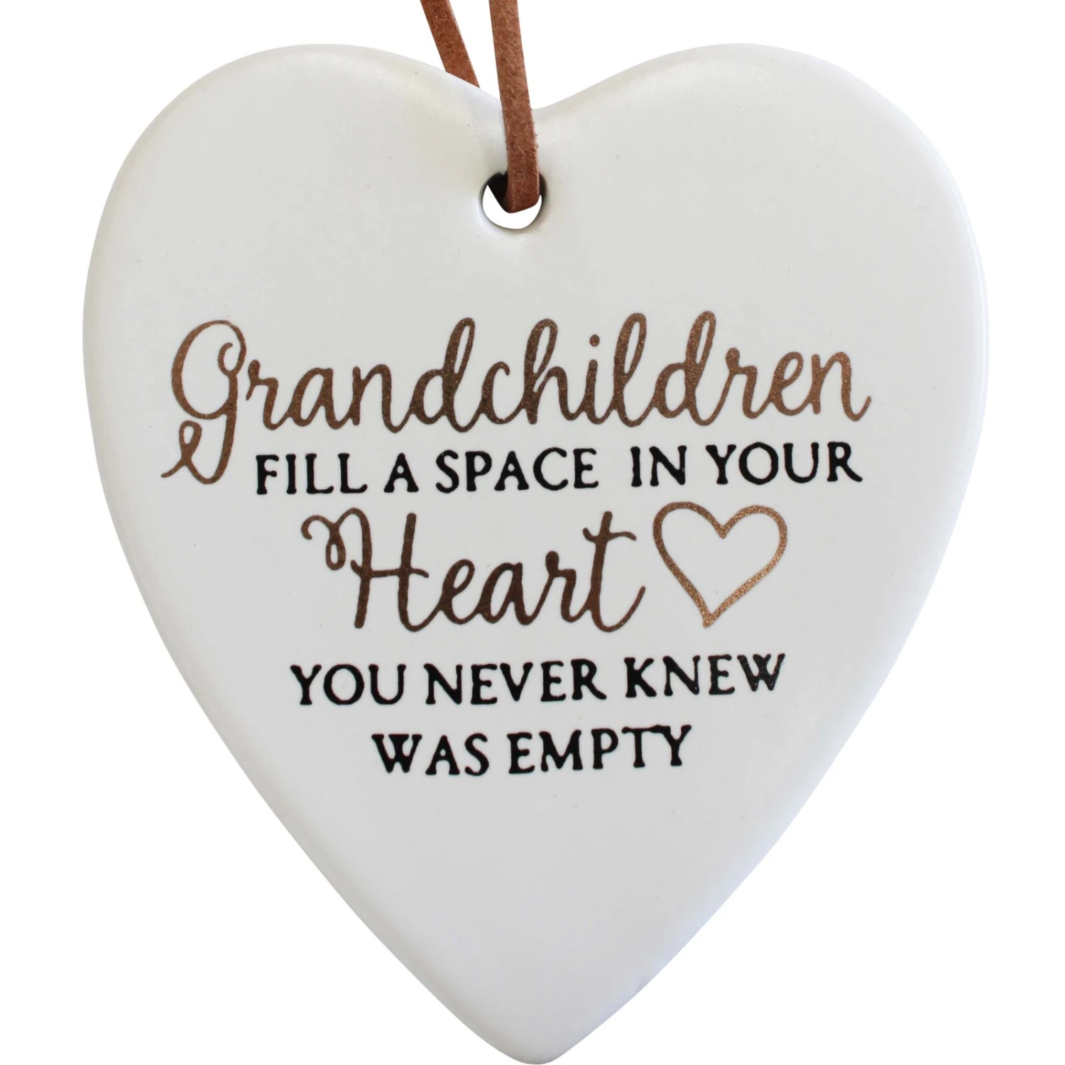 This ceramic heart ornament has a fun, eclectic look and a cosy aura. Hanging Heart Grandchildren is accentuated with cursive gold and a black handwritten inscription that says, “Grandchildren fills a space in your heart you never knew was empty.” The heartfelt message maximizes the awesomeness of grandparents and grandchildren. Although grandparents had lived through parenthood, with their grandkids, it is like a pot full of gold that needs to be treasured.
* * *
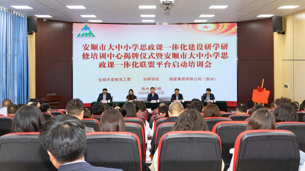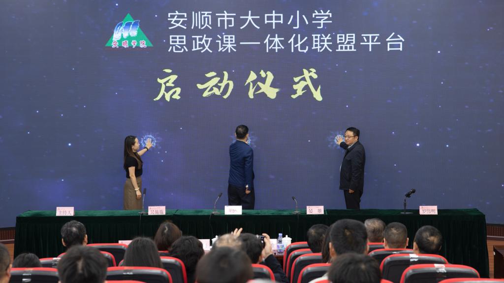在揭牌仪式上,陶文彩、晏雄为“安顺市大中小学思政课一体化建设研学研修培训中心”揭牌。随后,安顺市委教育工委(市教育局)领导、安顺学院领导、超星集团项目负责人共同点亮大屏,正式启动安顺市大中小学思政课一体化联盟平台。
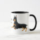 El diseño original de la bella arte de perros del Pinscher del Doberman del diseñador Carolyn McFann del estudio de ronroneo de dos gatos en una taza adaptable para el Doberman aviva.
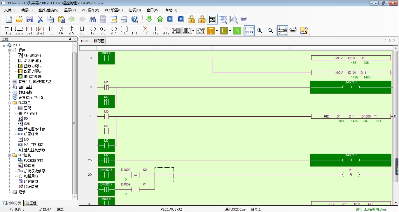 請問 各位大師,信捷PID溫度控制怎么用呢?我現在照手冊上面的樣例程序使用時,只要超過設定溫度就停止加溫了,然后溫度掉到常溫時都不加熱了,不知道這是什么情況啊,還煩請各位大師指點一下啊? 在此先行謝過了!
--
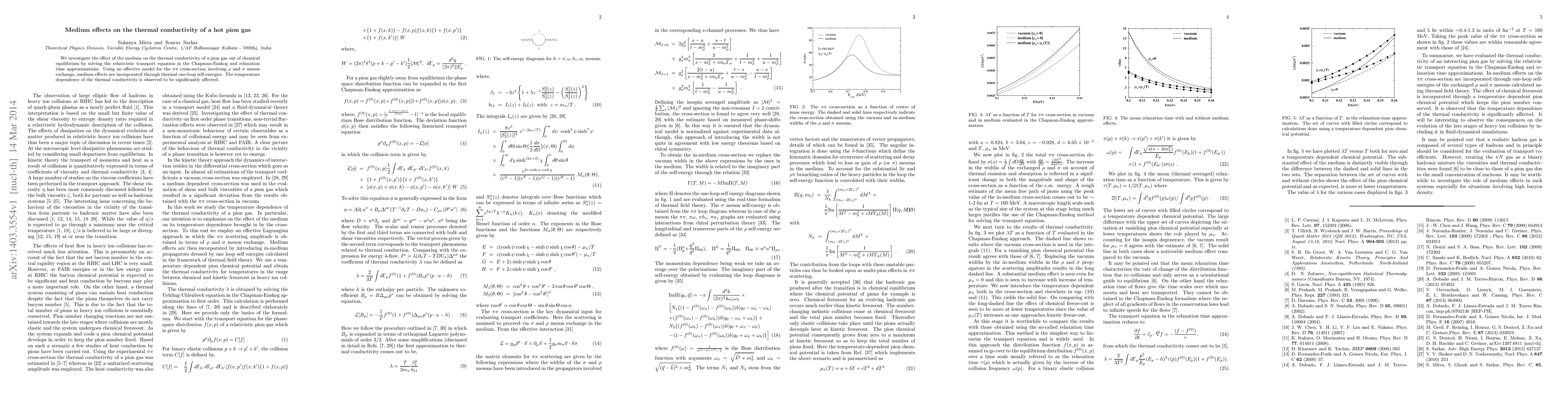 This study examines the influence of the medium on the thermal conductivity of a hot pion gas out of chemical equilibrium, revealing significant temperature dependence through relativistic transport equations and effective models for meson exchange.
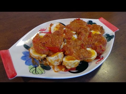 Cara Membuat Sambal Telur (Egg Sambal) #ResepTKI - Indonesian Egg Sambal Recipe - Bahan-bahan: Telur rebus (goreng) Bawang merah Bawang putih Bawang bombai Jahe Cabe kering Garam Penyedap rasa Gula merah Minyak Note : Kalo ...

HOW TO COMPLETE THIS TASK: Using the material above, transcribe exactly the lines from the one holding "This study examines" to the one holding "Cara Membuat Sambal", both ends kept. Do not carry over any pictures.

ANSWER SECTION:
 This study examines the influence of the medium on the thermal conductivity of a hot pion gas out of chemical equilibrium, revealing significant temperature dependence through relativistic transport equations and effective models for meson exchange.
 Cara Membuat Sambal Telur (Egg Sambal) #ResepTKI - Indonesian Egg Sambal Recipe - Bahan-bahan: Telur rebus (goreng) Bawang merah Bawang putih Bawang bombai Jahe Cabe kering Garam Penyedap rasa Gula merah Minyak Note : Kalo ...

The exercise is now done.